Unity Investors Ltd. P’ship v. Lindberg, 421 N.W.2d 751, 754 (Minn. App. 1988).  Under these circumstances, the landlord’s acceptance of rent constitutes a waiver of any notice requirement set forth in the lease. 

The extension provision of the lease agreement in this case provides, in pertinent part:

The landlord further agrees that at the end of the term of the lease, Tenant has the right, at Tenant’s sole option, to extend the term of the Lease for an indefinite period so long as tenant is not then in breach of any material provision of the Lease.

 

(Emphasis added.)  In Hildebrandt v. Newell, an action by a lessor against a holdover lessee for past-due rent, the supreme court held that because the extension period of the lease was indefinite, the one-year lease was extended for an additional one-year term.  Hildebrandt v. Newell, 199 Minn. 319, 321, 272 N.W. 257, 258 (1937); see also 49 Am. Jur. 2d Landlord and Tenant § 158 (1995) (original lease terms continue as implied intention of parties).  Absent a definite term for the duration of the lease’s extension, any extension due to holdover and payment is limited to the duration of the original lease.  Hildebrandt, 199 Minn. at 321, 272 N.W. at 258.  Holdover by the tenant under an indefinite extension provision renews all of the terms of the original lease except the extension clause.  Id.

Because the term of the lease extension is indefinite, after the October 1, 1996, expiration date of the original lease, Garri’s holdover and timely payment of the rent resulted in an extension of all terms of the original lease, except the right of extension, for one additional 28-month period.  See id.  The purchase option, a provision of the original lease, therefore, remained in effect until the lease extension expired on February 1, 1999.

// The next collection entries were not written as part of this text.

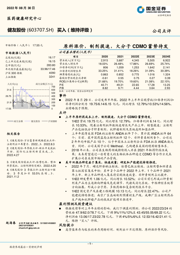 健友股份在2022年上半年虽受原料药成本上升影响,业绩增速略低于预期,但其核心业务展现出强劲的增长潜力和战略韧性。公司通过加速高附加值注射剂的研发与国际化布局,积极拓展大分子CDMO业务,并有效利用国家集采政策实现新品快速放量,正逐步优化产品结构,提升盈利能力。持续的研发投入和产能扩张为公司未来发展奠定了坚实基础。尽管盈利预测有所下调,但报告维持“买入”评级,表明市场对健友股份在医药健康领域的长期增长前景,尤其是在国际化和创新药械领域的战略布局充满信心。投资者需关注高货值库存、出口不达预期及原料涨价等潜在风险。
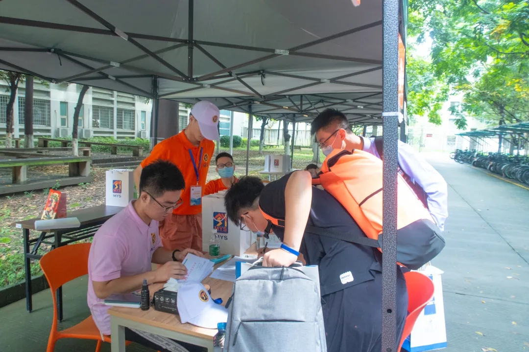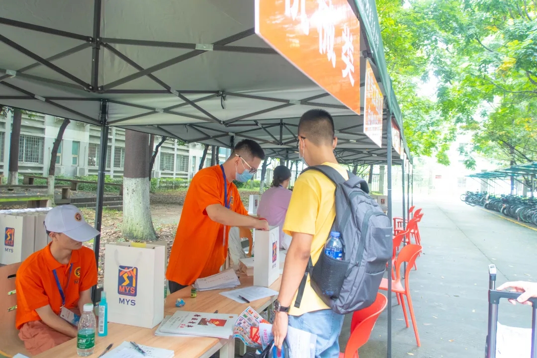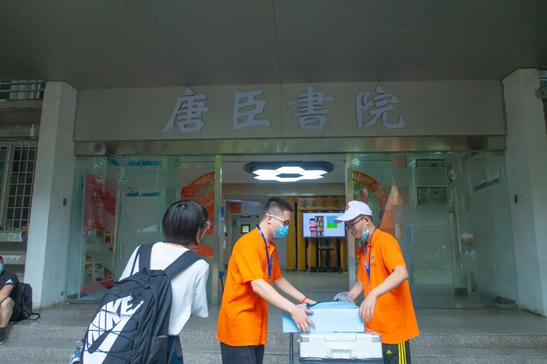 ,在书院门口等候多时的班导生们为同学们分发钥匙、水卡、新生大礼包以及代表茅院学子的唐臣文化衫。志愿者们穿梭于楼栋之中,搬运着一件件沉甸甸的“关爱”,挥洒汗水与热情。
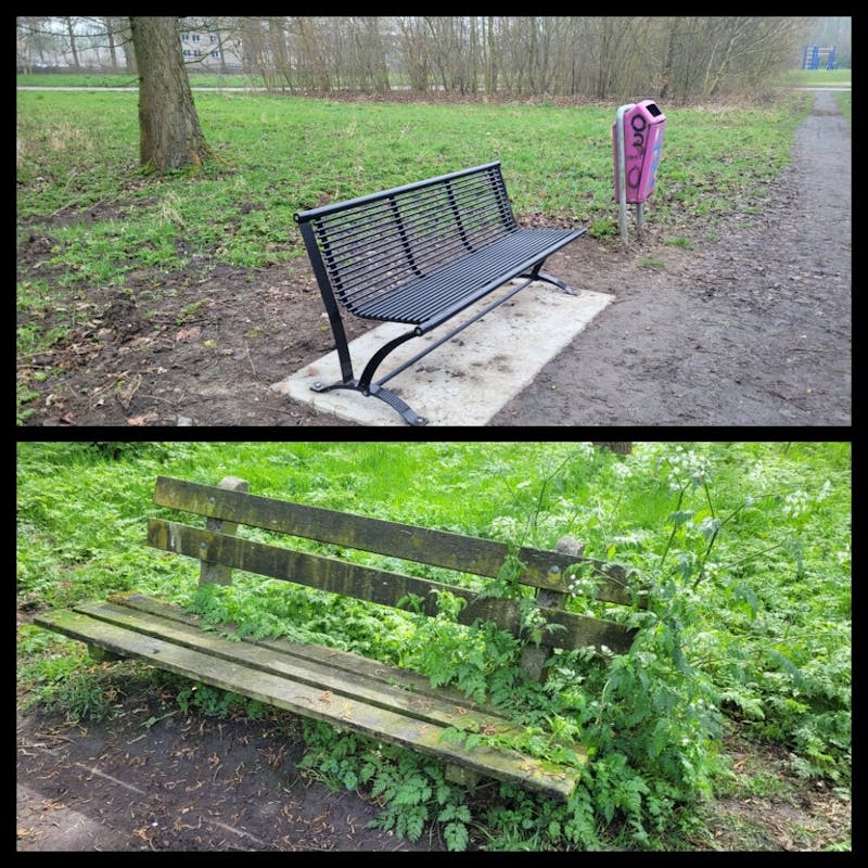 Eind vorig jaar 2024 had ik de gemeente Nieuwegein geïnformeerd dat het niet prettig was om op het bankje in het park te zitten. Park omgeving Dirk van Delenhage in de wijk Galecop. En nu, een geweldig nieuw bankje om even prettig te zitten na een rondje met de hond. Fijn om vernieuwing te zien in de Gemeente.
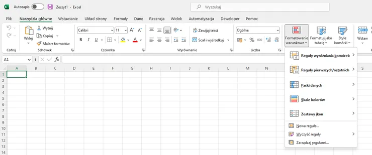 Narzędzie formatowania warunkowego znajdziemy na wstążce w zakładce „Narzędzia główne”.
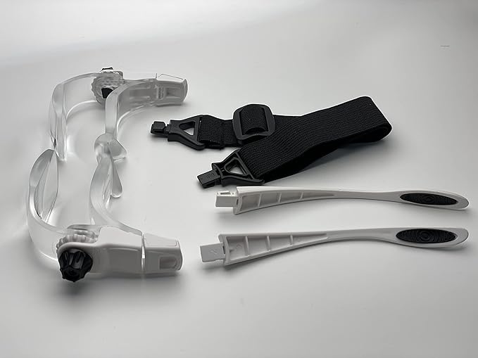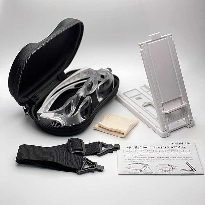 • Abundant accessories are included: 1 Magnifier glasses with detachable temples, 1 detachable elastic band holder, 1 cellphone support/holder, 1 cleaning cloth, 1 user manual.
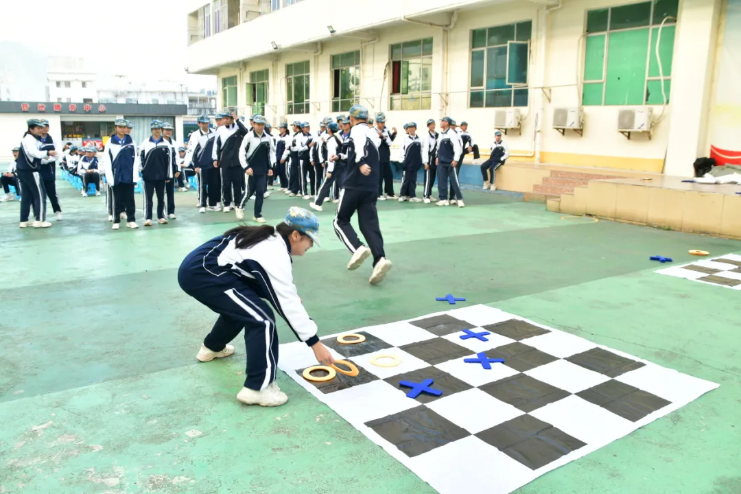 与传统五子棋棋盘不同,本次活动的道具是巨型喷绘棋盘和彩色棋子,同学们需分组协作,通过奔跑、传递棋子完成布局。各小组围在喷绘棋盘旁,时而低声商议策略,时而快速穿梭摆放棋子,场上欢呼声、呐喊声此起彼伏。
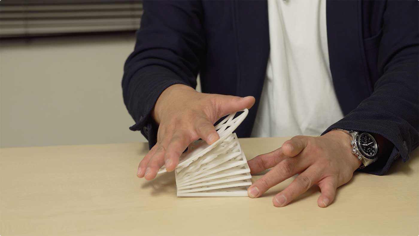 幾何学的な構造にすることで柔軟性や弾力性が生まれ、頭の重みをしっかり支えながら、頭の動きに対しては抵抗なくスムーズに動くようになっている。

            Garri remained a tenant beyond February 1999.  By continuing to pay rent after the lease extension expired, the lease term became month-to-month.  See Mid Continent Mgmt. Corp. v. Donnelly, 372 N.W.2d 814, 816 (Minn. App. 1985), review denied (Minn. Oct. 24, 1985).  As such, Garri’s tenancy was at will.  See Thompson v. Baxter, 107 Minn. 122, 124, 119 N.W. 797, 798 (1909) (defining tenancy at will as one that has no definite term); 49 Am. Jur. 2d Landlord and Tenant § 133 (1995).  With Garri’s at-will tenancy, the rent requirements and landlord covenants remained in force.  See Minn. Stat. § 504B.161 (2000) (enumerating landlord covenants).  The purchase option, however, was no longer in effect.  See Hildebrandt, 199 Minn. at 321, 272 N.W. at 258.  The district court correctly concluded that the lease extension, along with Garri’s option to purchase the property for $73,500, expired on February 1, 1999.  We, therefore, affirm the district court’s denial of Garri’s request for specific performance.

            Garri next argues that if we conclude that the lease terminated, then we also must reverse the eviction action, because the eviction action commenced more than three years after the termination, in violation of Minn. Stat. § 504B.311 (2000).  This argument also fails. 

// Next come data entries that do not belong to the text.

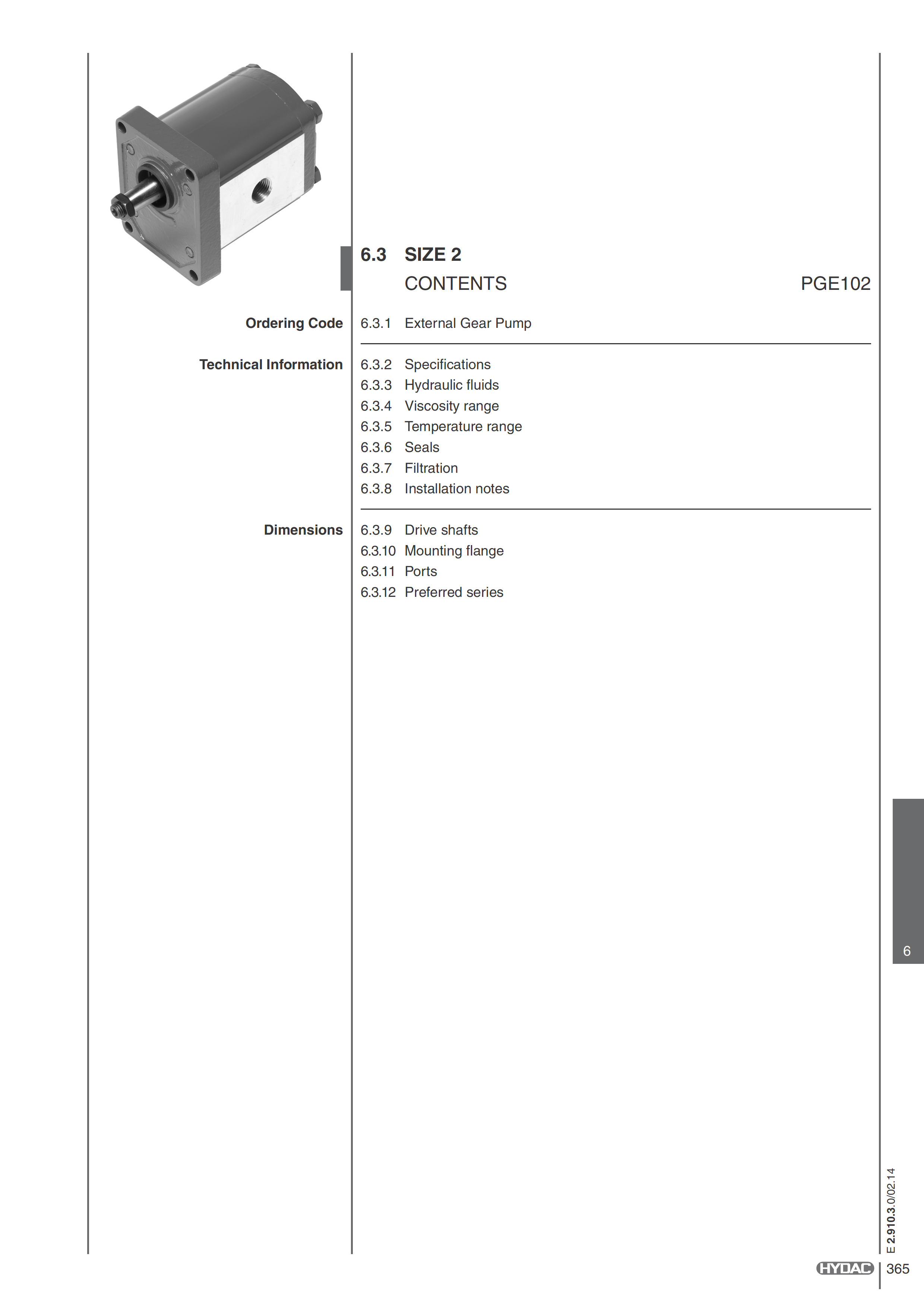 Hydac External Gear Pumps Size 2 - PGE102
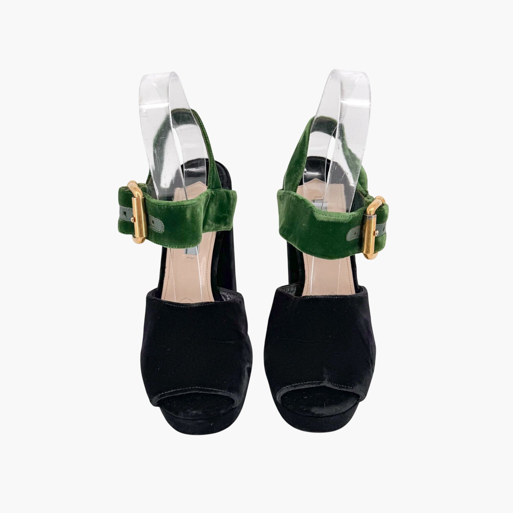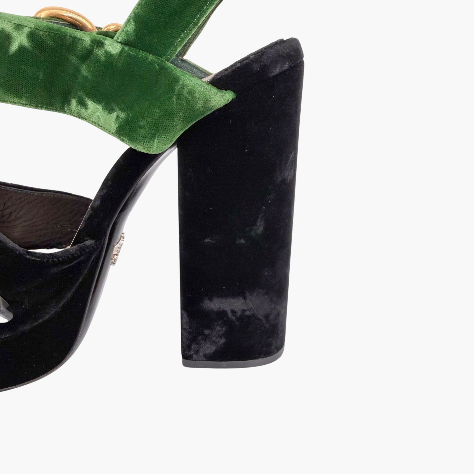 Prada Two-Tone Platform Sandals Black Green Velvet Size 38
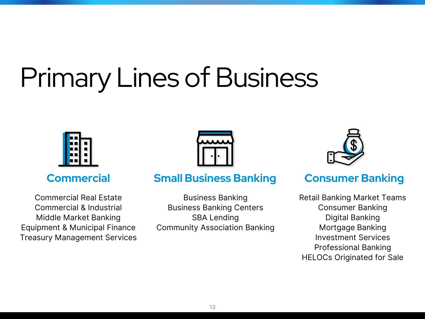 Business Banking Business Banking Centers SBA Lending Community Association Banking Small Business Banking Consumer Banking Commercial Commercial Real Estate Commercial & Industrial Middle Market Banking Equipment & Municipal Finance Treasury Management Services Retail Banking Market Teams Consumer Banking Digital Banking Mortgage Banking Investment Services Professional Banking HELOCs Originated for Sale Primary Lines of Business 13
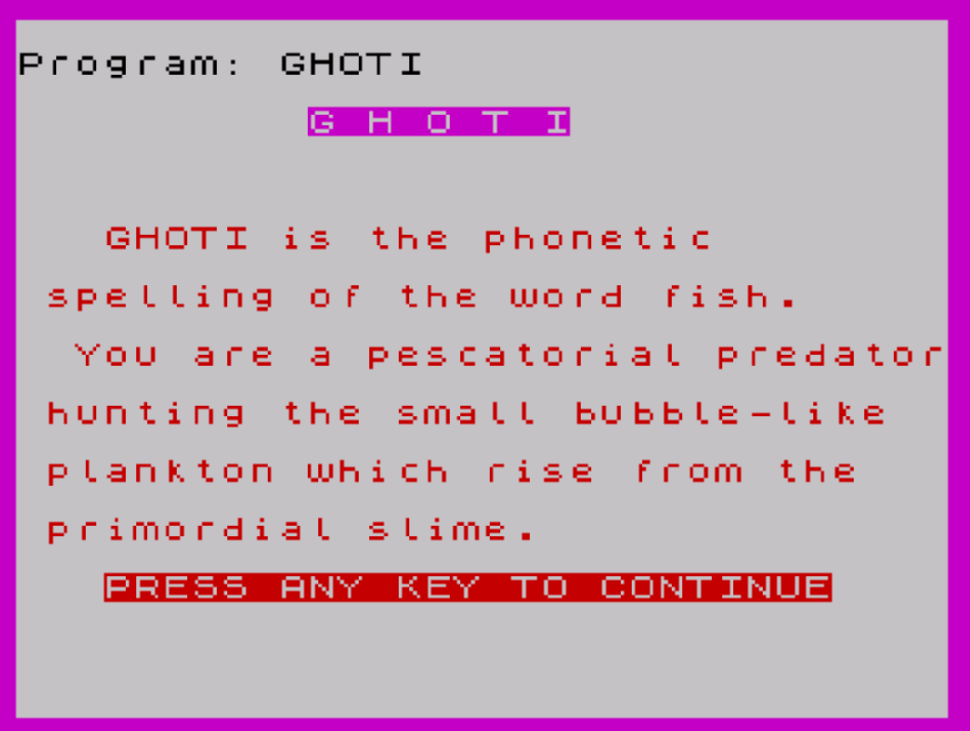 9135 PRINT AT 7,3;"GHOTI is the phonetic"''" spelling of the word fish."''" You are a pescatorial predator"''" hunting the small bubble-like"''" plankton which rise from the"''" primordial slime."''TAB 3; INVERSE 1;"PRESS ANY KEY TO CONTINUE"
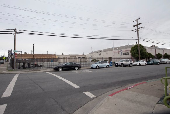 Together the building (with the prominent “860” on the side) and the lot used to house a classic car sales outfit. One day, assuming that they obtain the necessary approvals, these properties will be the home of Rocketship Charter School. Rocketship Education has proposed converting the building into classrooms and offices for a school that can serve up to 480 students in grades K-5, and plan to turn the open lot into a combination play area/driveway/parking area. Whereas the classroom building will be within the city, the playground will not. So as the kids go to and from recess, they’ll be walking back and forth across the city limits.
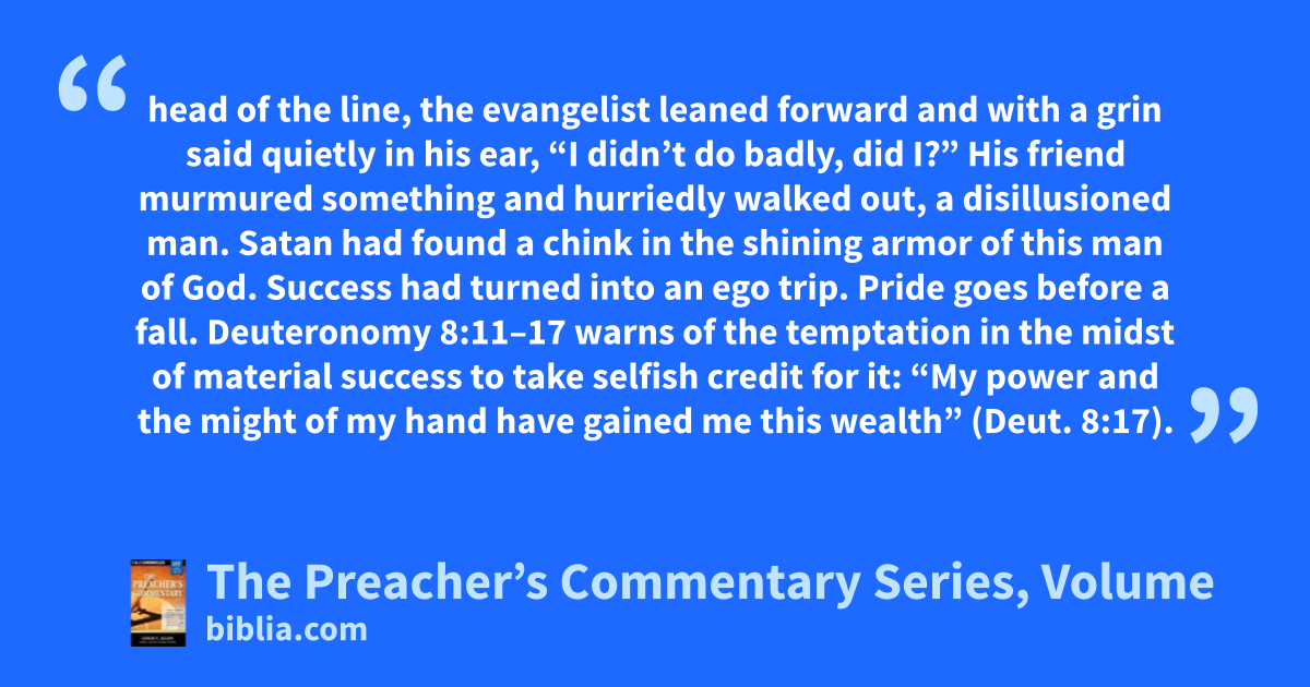 head of the line, the evangelist leaned forward and with a grin said quietly in his ear, “I didn’t do badly, did I?” His friend murmured something and hurriedly walked out, a disillusioned man. Satan had found a chink in the shining armor of this man of God. Success had turned into an ego trip. Pride goes before a fall. Deuteronomy 8:11–17 warns of the temptation in the midst of material success to take selfish credit for it: “My power and the might of my hand have gained me this wealth” (Deut. 8:17).

Minn. Stat. § 504B.311 provides, in pertinent part, that   

[n]o person may bring an eviction action against an occupant of any premises where the occupant’s lease, * * * was terminated more than three years before the beginning of the action and where the occupant of the premises * * * [was] in quiet possession for three consecutive years immediately before the filing of the eviction.

 

As discussed above, the district court correctly found that the lease was extended for an additional 28-month term and terminated on February 1, 1999.  The at-will tenancy that followed was subject to termination on a month’s notice by either party.  Thompson, 107 Minn. at 124, 119 N.W. at 798.  Hallin terminated the at-will tenancy when he served his July 2001 notice to vacate the premises by October 1, 2001.  When Garri refused to vacate, Hallin filed an eviction action on October 30, 2001.  Under the statute, Hallin’s deadline to evict Garri was not until February 1, 2002, three years from the expiration of the lease extension.  The eviction action was timely filed.    

Affirmed.

  

 

 

 

 

 

 



[1] Over the course of the lease term and these proceedings Garri has also used the names of Judy Walker and Judy Gagnon.